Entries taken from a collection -
━━━━━━━━
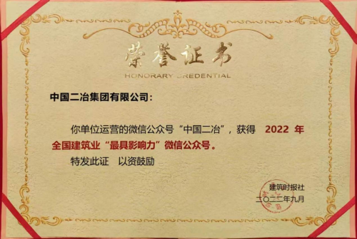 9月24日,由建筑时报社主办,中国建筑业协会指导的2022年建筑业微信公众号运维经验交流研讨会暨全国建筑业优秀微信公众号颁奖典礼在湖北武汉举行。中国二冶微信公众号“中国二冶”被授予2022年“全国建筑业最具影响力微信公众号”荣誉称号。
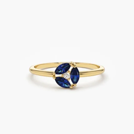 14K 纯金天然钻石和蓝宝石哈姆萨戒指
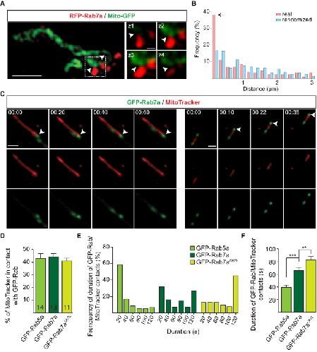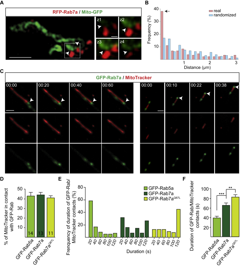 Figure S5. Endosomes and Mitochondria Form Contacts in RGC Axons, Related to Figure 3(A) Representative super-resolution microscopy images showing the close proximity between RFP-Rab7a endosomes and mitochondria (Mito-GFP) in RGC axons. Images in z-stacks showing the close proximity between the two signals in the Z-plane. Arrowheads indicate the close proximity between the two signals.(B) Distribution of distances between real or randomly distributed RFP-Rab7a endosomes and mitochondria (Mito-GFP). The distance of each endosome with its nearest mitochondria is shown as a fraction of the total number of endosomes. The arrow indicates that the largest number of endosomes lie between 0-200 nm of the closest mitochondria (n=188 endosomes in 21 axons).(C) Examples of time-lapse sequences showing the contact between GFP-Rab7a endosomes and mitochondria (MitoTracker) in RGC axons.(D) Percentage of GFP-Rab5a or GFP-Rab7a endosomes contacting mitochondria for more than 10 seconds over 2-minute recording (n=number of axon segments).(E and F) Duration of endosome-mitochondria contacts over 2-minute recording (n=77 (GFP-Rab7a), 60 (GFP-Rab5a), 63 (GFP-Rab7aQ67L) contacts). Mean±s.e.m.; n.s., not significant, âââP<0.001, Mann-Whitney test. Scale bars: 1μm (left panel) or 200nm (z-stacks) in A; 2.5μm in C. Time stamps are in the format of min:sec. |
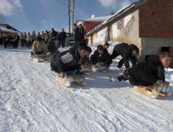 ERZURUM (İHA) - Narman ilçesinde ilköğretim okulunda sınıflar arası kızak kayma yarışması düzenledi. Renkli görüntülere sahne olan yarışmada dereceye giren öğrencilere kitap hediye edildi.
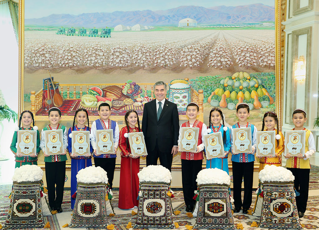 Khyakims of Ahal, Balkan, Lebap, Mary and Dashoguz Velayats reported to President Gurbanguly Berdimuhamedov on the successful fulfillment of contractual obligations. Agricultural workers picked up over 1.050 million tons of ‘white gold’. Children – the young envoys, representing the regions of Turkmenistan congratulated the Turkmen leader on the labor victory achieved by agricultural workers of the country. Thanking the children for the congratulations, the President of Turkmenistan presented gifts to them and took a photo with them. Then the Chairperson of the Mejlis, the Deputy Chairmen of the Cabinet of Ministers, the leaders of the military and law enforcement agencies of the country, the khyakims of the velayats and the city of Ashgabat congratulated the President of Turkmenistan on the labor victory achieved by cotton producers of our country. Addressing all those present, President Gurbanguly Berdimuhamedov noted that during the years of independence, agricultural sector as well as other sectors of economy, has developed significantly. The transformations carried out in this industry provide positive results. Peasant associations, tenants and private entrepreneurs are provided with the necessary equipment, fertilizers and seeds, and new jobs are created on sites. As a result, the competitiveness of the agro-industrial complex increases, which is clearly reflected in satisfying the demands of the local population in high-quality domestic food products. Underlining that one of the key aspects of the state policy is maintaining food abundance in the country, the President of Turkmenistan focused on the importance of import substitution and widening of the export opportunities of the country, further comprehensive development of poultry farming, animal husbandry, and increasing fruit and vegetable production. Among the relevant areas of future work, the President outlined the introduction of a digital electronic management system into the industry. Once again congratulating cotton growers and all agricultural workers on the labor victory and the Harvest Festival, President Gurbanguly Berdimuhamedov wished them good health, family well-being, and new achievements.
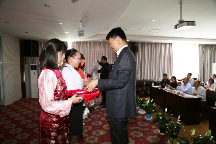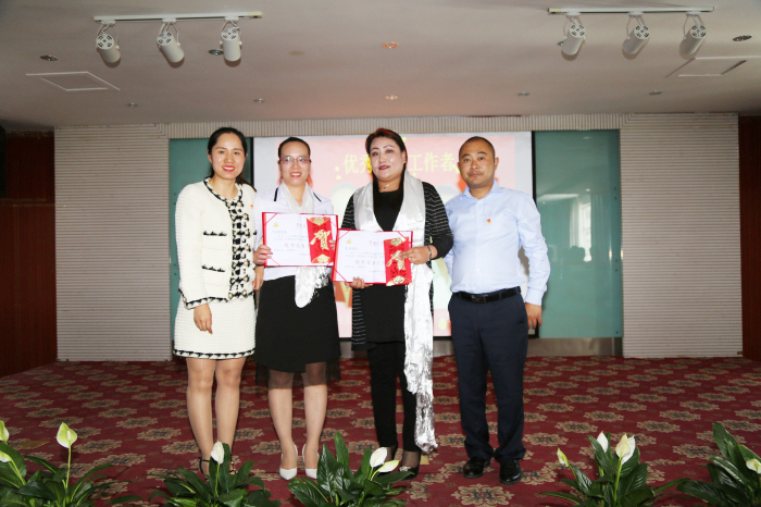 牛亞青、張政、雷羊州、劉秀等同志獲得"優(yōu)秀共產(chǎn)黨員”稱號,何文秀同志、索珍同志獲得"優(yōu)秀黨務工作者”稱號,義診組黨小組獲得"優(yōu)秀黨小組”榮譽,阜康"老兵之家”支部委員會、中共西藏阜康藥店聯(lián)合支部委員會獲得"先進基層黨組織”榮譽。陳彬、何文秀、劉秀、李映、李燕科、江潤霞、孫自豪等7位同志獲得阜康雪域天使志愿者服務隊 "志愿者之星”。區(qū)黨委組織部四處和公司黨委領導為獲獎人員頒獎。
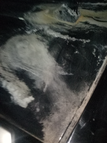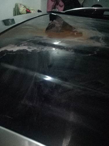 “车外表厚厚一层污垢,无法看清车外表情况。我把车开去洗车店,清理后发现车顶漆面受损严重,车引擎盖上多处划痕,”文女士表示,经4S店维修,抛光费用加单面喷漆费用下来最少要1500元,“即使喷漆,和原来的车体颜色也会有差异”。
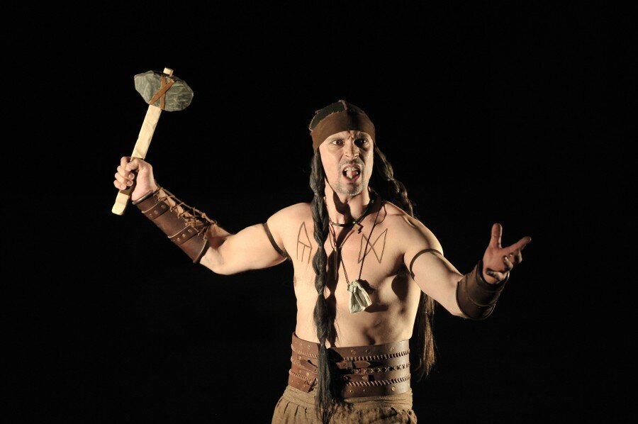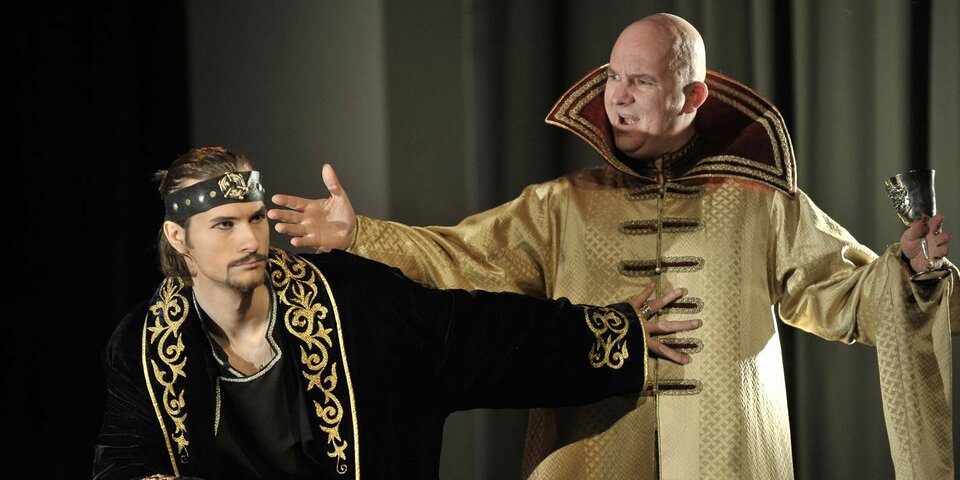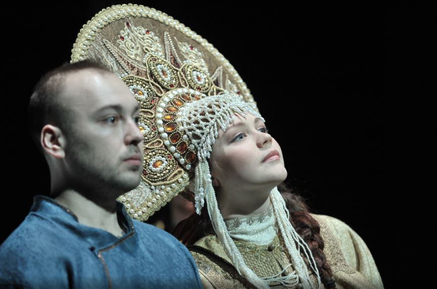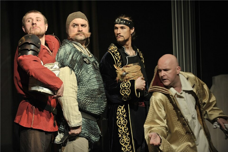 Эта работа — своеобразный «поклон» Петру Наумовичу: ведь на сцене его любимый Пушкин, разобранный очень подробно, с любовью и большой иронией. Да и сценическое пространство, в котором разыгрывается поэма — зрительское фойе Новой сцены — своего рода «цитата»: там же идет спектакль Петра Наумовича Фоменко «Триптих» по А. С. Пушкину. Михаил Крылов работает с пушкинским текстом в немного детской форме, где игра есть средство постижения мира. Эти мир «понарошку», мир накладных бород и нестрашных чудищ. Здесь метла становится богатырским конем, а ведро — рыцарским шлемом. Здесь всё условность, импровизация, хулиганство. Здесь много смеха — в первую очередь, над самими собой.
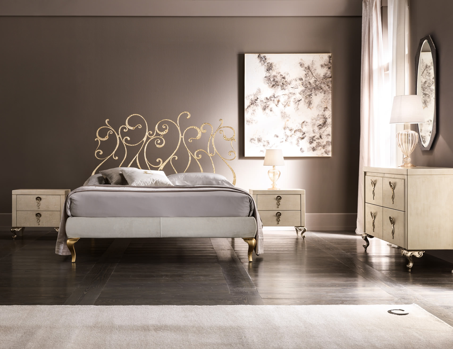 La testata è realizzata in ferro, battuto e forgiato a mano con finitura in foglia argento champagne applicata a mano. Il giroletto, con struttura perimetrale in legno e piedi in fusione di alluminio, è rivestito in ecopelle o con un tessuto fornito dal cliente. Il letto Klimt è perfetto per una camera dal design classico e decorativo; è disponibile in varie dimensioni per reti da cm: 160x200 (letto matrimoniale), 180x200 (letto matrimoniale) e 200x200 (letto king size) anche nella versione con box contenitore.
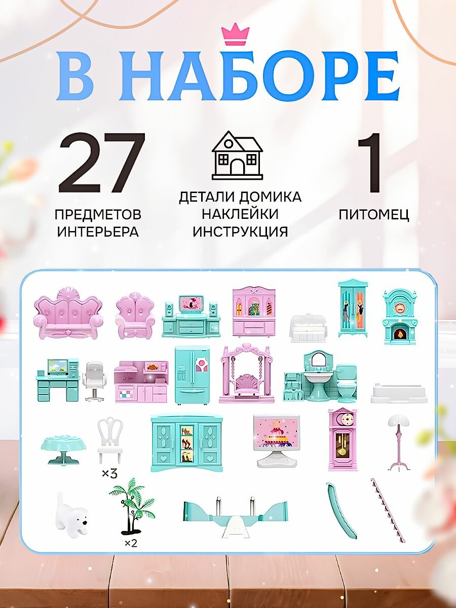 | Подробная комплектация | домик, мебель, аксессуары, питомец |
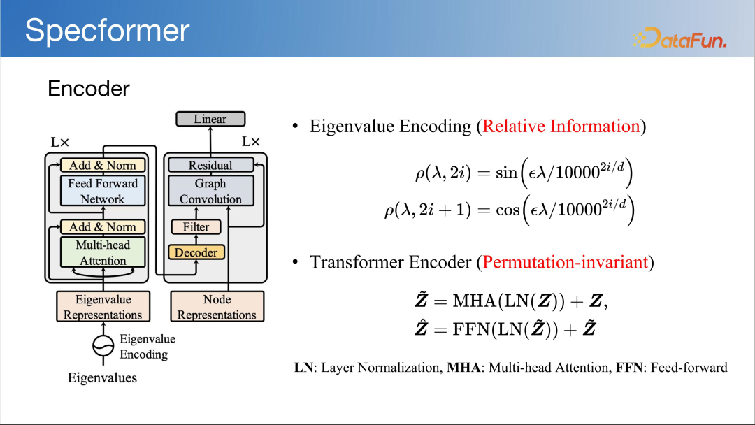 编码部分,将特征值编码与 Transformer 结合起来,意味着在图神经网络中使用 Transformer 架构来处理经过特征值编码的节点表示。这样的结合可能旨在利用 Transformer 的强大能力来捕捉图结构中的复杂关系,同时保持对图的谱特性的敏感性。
━━━━━━━━
WORK ITEM - Print the data exactly, from its first line to the line containing "14K 纯金天然钻石和蓝宝石哈姆萨戒指", both included. Omit the pictures.

ANSWER SPACE -
 9月24日,由建筑时报社主办,中国建筑业协会指导的2022年建筑业微信公众号运维经验交流研讨会暨全国建筑业优秀微信公众号颁奖典礼在湖北武汉举行。中国二冶微信公众号“中国二冶”被授予2022年“全国建筑业最具影响力微信公众号”荣誉称号。
 14K 纯金天然钻石和蓝宝石哈姆萨戒指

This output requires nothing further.